Axelle Thiry nous raconte quelques épisodes heureux – et moins heureux – de la vie amoureuse de compositeurs illustres tels que Mozart, Bach ou encore Liszt.

Quand le jeune Mozart demandait en mariage la future reine Marie-Antoinette

On dit que la première demande en mariage de Mozart date de son enfance. Le jeune Wolfgang est invité à la Cour d’Autriche, et il y rencontre la future reine Marie-Antoinette. On raconte que Mozart aurait glissé sur le parquet et que Marie-Antoinette serait venue à son secours. Mozart lui aurait alors dit : "Vous êtes bien bonne, c’est pourquoi je veux vous épouser". Il aurait précisé à la mère de Marie-Antoinette : "Elle a été si bonne pour moi, tandis que ses sœurs me regardaient sans bouger." Ce n’est qu’une légende… Mais ce qui est très probable, c’est que Marie-Antoinette se soit émerveillée devant le génie du jeune Mozart…

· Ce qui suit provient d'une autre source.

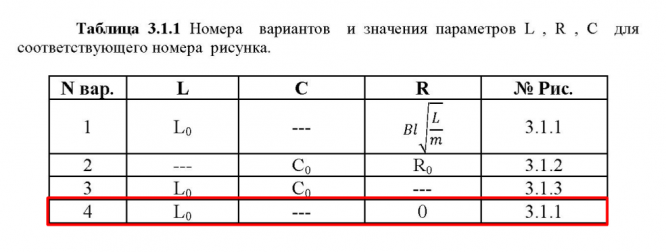 Задача 3.1. По двум гладким медным шинам, установленным вертикально в однородном магнитном поле B скользит под действием силы тяжести медная перемычка массы m, которая замыкает электрическую цепь, приведенную на рисунке. Расстояние между шинами l. Сопротивления шин, перемычки и скользящих контактов, а также самоиндукция контура пренебрежимо малы. Найти закон движения перемычки Y(t) при условии, что начальная скорость, ток через индуктивность и заряд на конденсаторе равны 0, Y(0)=Y0. L C L B B B R R C Y Рис.3.1.1 Рис.3.1.2 Рис.3.1.3 L C L R R C B B B 0 Рис.3.1.4 Рис.3.1.5 Рис.3.1.6 Таблица 3.1.1 Номера вариантов и значения параметров L , R , C для соответствующего номера рисунка. .

Aloysia Weber, muse de Mozart

Quand il a une vingtaine d’années, Mozart se sent prisonnier de l’atmosphère étouffante de Salzbourg où il est Konzertmeister auprès de l’archevêque Colloredo. Il rêve de liberté. Il veut trouver sa place, conquérir l’Europe. Et il va quitter Salzbourg pour faire un long voyage. Il ira d’abord à Munich, Mannheim, et puis Paris. Au cours de ce voyage, en janvier 1778, Mozart est invité par un ami chez la princesse d’Orange aux Pays-Bas. Comme elle aime le chant, Mozart lui apporte quatre petites arias. Pendant ce voyage, il est accompagné par une toute jeune fille qui est déjà une excellente cantatrice, Aloysia Weber. Dans le salon aux boiseries vert et or, Mozart accompagne ses mélodies confiées à la voix enchanteresse d’Aloysia. Bientôt, il composera des airs pour elle. Mozart a le cœur généreux. Il veut aider Aloysia Weber. Il envisage de faire une tournée avec elle en Italie pour lui donner l’occasion de débuter une carrière dramatique. Il ne pense plus du tout à la sienne. Quand Leopold Mozart apprend les nouveaux projets de son fils, il voit rouge. Il était prévu que Wolfgang aille à Paris et pas en Italie. Leopold s’est beaucoup affairé et endetté pour préparer le long voyage de son fils et il faut qu’il rapporte ! Mozart se résigne. Encore quelques arias, quelques moments délicieux, et puis il faut partir. Le 14 mars 1778, Mozart prend la route de Paris, avec sa mère, qui l’accompagne pendant ce voyage. Le jeune Mozart a déjà écrit des œuvres magistrales, comme un concerto qu’il a dédié à Melle Jeunehomme, une pianiste parisienne de passage à Salzbourg.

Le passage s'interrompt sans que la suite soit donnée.